Evaluate predicted values with metric for leaderboard.
"""
return metric(leaderboard['target'], predicted_values['target'])
# ## Regression evaluation metrics
# We gonna iterate through several main regression metrics and find some vulnerabilities related to each of them.
# ### 1. MAE
# Let's start with mean absolute error metric:
# $$\large{MAE(y, \hat{y}) = \frac{\sum_{i=1}^n |y_i - \hat{y}_i|}{n} }$$
# where
# - $y$ - vector with true components;
# - $y_i$ - true y-value;
# - $\hat{y}$ - vector with predicted (i.e. submitted) values;
# - $\hat{y_i}$ - predicted y-value;
# - $n$ - number of data points.
# In case of all target values are **non negative** we can make zero submission to **obtain mean target value**:
# $$\large{MAE(y, 0) = \frac{\sum_{i=1}^n |y_i - 0|}{n} = \frac{\sum_{i=1}^n y_i}{n} }$$
# In[6]:
# Generate environment with non negative target values
target_values = np.random.randint(0, 10, size=1000)
public_lb, private_lb, sample_submission, n = generate_data(target_values)
sample_submission.head(3)
# In[7]:
# Make zero submission
p_z = make_submission(sample_submission, mean_absolute_error, public_lb)
print('Zero submission score:', p_z)
print('Public leaderbord target mean:', public_lb['target'].mean())
# Using this information we can modify our predictions to improve public LB score.
# ### 2. MSE
# Next probing method makes possible to **find all y-values** for all data points used in computation of public LB score.
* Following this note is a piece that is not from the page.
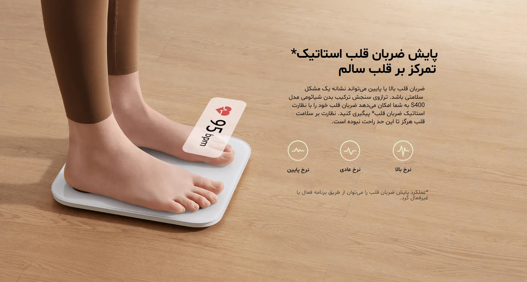 در هر بار وزنکشی، S400 ضربان قلب شما را نیز اندازه میگیرد و در صورت بالا یا پایین بودن از محدوده نرمال (۶۰ تا ۱۰۰ bpm) هشدار میدهد. این دادهها به کمک اپلیکیشن قابل تحلیل هستند و در کنار شاخصهای بدن، تصویری دقیق از وضعیت فیزیولوژیک شما ارائه میدهند.
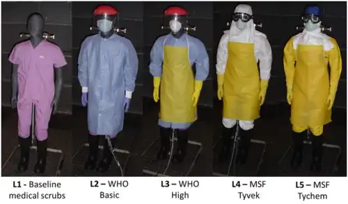 One of the biggest dangers of infection faced by medical staff requires their learning how to properly suit up and remove personal protective equipment. Full training for wearing protective body clothing can take 10 to 14 days.[305] Even with proper isolation equipment available, working conditions such as lack of running water, climate control, and flooring have made direct care difficult. Two American health workers who contracted the disease and later recovered said that to the best of their knowledge, their team of workers had been following "to the letter all of the protocols for safety that were developed by the [CDC] and WHO", including a full body coverall, several layers of gloves, and face protection including goggles. One of the two, a physician, had worked with patients, but the other was assisting workers to get in and out of their protective gear while wearing protective gear herself.[306]

Now we will talk about mean squared error:
#
# $$\large{ MSE(y, \hat{y}) = \frac{\sum_{i=1}^n (y_i - \hat{y}_i)^2}{n} }$$
# At first, let's make all zeros submission and denote result score as $p_z$:
# $$\large{ p_{z} = \frac{\sum_{i=1}^n (y_i - 0)^2}{n} } = \frac{(y_1 - 0)^2}{n} + \frac{\sum_{i=2}^n (y_i - 0)^2}{n}$$
# In[8]:
# Generate environment
target_values = np.random.randint(-10, 10, size=1000)
public_lb, private_lb, sample_submission, n = generate_data(target_values)
sample_submission.head(3)
# In[9]:
# Make zero submission
p_z = make_submission(sample_submission, mean_squared_error, public_lb)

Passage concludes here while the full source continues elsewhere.